Hello Noé,
first, welcome to the coreboot community!
Am 15.11.2011 12:07, schrieb Noé Rubinstein:
system, by putting a 'fallback' Coreboot in the high, write-blocked part
of the boot ROM, and using the fallback mechanism already implemented in
Coreboot in order to fallback in case the user-flashed firmware does not
work.
Why put the fallback in the high parts? The only reason I could find is
that you intend to use a boot block protection scheme (as these provide
protection only for some high region), but they usually cover only a
rather small area - too small for coreboot.

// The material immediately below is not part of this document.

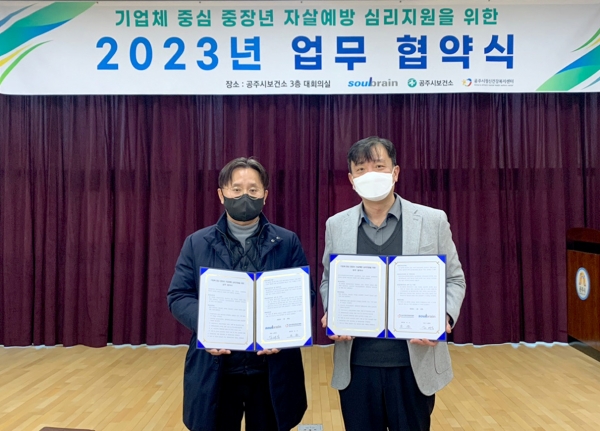 솔브레인 사업장 근로자의 정신건강 증진, 자살예방 교육, 정기적인 정신건강 검진을 위해 마련된 이번 협약은 공주시정신건강복지센터 주관으로 공주시보건소, 솔브레인 등 3개 기관이 참여했다.

found with the right name. That's why the fallback mechanism has to
search for the fallback image only in the high part of the RAM. That
requires modification of walkcbfs_asm and of cbfslib to be able to find
a file after an offset.
[...]
overwrite part of another file. On the contrary, when looking for a
fallback component, the file headers before the fallback offset should
not be trusted (that's the whole point), so the beginning of the ROM
should be entirely skipped.
These two special cases can be dropped if fallback is aligned to the low
end of the image: It's always encountered first, and the CBFS alignment
data is protected, too.
I'm snipping away your other proposals for now. The reason is that there
are various projects out there that use coreboot and have safe updates
on their agenda, and I'd rather have a complete set of constraints (eg.
limitations due to flash chips that only provide boot block protection)
before planning what to do about them.